*Task instructions:* A verbatim repetition of the data below is requested, without images.

*Dataset extract:*
++++++++++

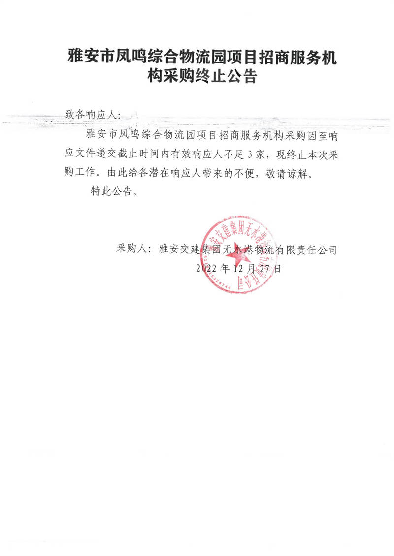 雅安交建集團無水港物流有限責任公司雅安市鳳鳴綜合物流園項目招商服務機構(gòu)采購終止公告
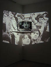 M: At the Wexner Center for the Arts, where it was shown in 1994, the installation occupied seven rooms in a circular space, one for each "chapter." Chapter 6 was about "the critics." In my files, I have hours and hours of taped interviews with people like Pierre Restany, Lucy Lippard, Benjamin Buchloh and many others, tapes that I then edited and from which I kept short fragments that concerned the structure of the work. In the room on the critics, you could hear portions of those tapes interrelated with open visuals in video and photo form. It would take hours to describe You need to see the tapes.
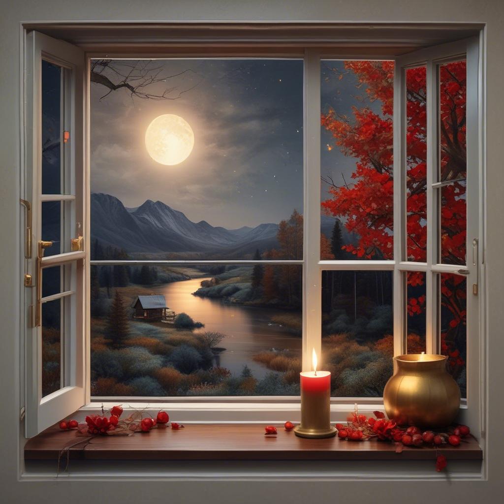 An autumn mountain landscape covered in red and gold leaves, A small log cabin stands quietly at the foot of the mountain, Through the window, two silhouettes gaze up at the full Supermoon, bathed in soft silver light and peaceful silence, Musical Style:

++++++++++

*Answer to the exercise:*
 雅安交建集團無水港物流有限責任公司雅安市鳳鳴綜合物流園項目招商服務機構(gòu)采購終止公告
 M: At the Wexner Center for the Arts, where it was shown in 1994, the installation occupied seven rooms in a circular space, one for each "chapter." Chapter 6 was about "the critics." In my files, I have hours and hours of taped interviews with people like Pierre Restany, Lucy Lippard, Benjamin Buchloh and many others, tapes that I then edited and from which I kept short fragments that concerned the structure of the work. In the room on the critics, you could hear portions of those tapes interrelated with open visuals in video and photo form. It would take hours to describe You need to see the tapes.
 An autumn mountain landscape covered in red and gold leaves, A small log cabin stands quietly at the foot of the mountain, Through the window, two silhouettes gaze up at the full Supermoon, bathed in soft silver light and peaceful silence, Musical Style:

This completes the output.